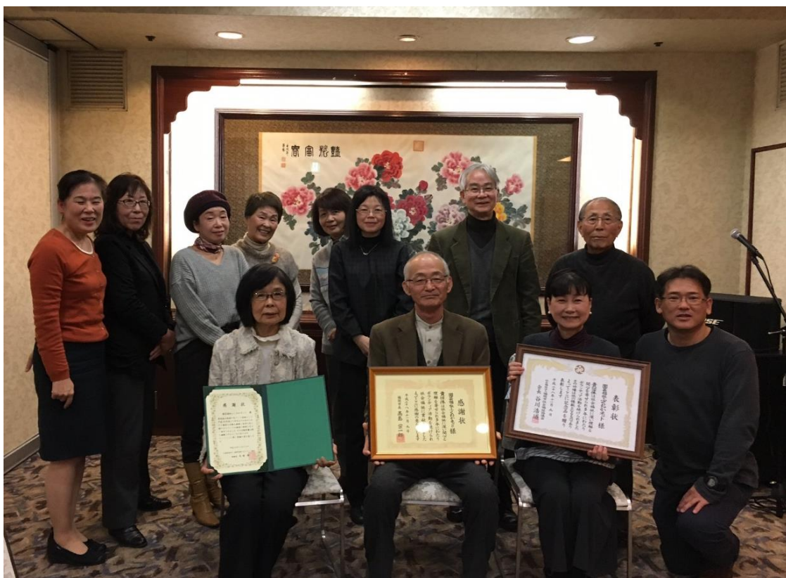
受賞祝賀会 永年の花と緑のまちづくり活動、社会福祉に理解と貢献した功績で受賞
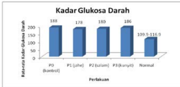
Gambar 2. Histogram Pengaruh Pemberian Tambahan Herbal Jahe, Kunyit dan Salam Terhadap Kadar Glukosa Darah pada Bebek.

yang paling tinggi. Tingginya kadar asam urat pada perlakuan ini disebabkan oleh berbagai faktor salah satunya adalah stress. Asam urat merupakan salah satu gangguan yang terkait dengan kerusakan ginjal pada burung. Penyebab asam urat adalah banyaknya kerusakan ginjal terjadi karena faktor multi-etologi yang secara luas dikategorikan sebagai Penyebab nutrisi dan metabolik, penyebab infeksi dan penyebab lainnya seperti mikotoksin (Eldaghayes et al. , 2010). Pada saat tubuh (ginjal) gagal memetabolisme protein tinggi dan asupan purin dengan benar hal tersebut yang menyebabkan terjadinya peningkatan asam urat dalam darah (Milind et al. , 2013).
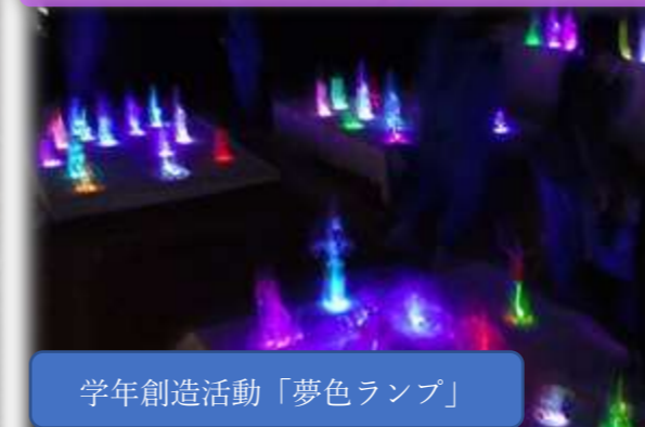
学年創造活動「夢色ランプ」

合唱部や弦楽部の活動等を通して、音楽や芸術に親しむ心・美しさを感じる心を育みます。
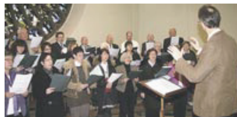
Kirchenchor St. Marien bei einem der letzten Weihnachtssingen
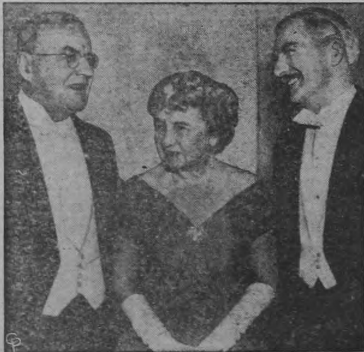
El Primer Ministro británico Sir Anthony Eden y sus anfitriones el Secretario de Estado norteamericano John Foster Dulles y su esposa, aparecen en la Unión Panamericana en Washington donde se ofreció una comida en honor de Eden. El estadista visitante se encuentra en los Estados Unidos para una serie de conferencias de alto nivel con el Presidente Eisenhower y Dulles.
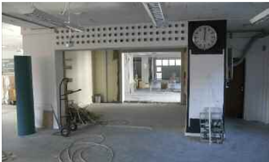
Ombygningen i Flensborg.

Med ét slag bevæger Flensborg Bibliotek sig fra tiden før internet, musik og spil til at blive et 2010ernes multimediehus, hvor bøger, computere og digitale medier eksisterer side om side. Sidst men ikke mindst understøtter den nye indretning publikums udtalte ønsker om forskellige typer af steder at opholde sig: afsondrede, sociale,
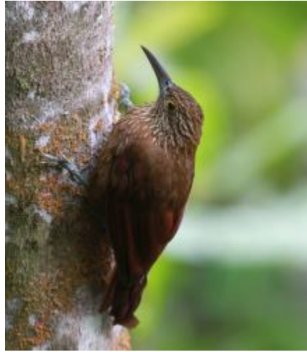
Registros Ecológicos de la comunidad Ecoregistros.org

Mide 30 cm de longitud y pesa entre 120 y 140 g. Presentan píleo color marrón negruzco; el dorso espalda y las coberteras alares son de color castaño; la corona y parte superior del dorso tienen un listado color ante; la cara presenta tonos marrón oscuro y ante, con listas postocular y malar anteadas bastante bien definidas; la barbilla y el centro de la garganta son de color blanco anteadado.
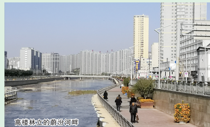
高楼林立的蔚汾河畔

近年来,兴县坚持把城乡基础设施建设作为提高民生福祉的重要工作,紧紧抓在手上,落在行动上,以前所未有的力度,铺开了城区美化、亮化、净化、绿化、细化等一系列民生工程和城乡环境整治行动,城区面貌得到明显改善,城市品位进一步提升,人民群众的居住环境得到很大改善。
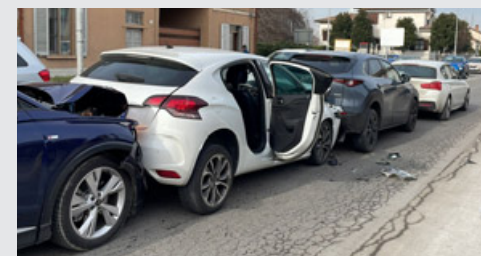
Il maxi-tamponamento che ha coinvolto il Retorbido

_ _ _ _ _ _ _

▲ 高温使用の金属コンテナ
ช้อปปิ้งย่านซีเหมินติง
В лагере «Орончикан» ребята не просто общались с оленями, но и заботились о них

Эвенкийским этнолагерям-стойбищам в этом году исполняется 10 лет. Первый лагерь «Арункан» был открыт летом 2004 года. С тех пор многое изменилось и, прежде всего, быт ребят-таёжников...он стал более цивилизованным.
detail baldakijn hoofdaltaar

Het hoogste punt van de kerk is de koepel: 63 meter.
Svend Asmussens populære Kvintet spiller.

_ _ _ _ _ _ _

What needs to be done.
Respond with the number of lines in the listing above that include the word "Flensborg", and with nothing more.

Result below.
2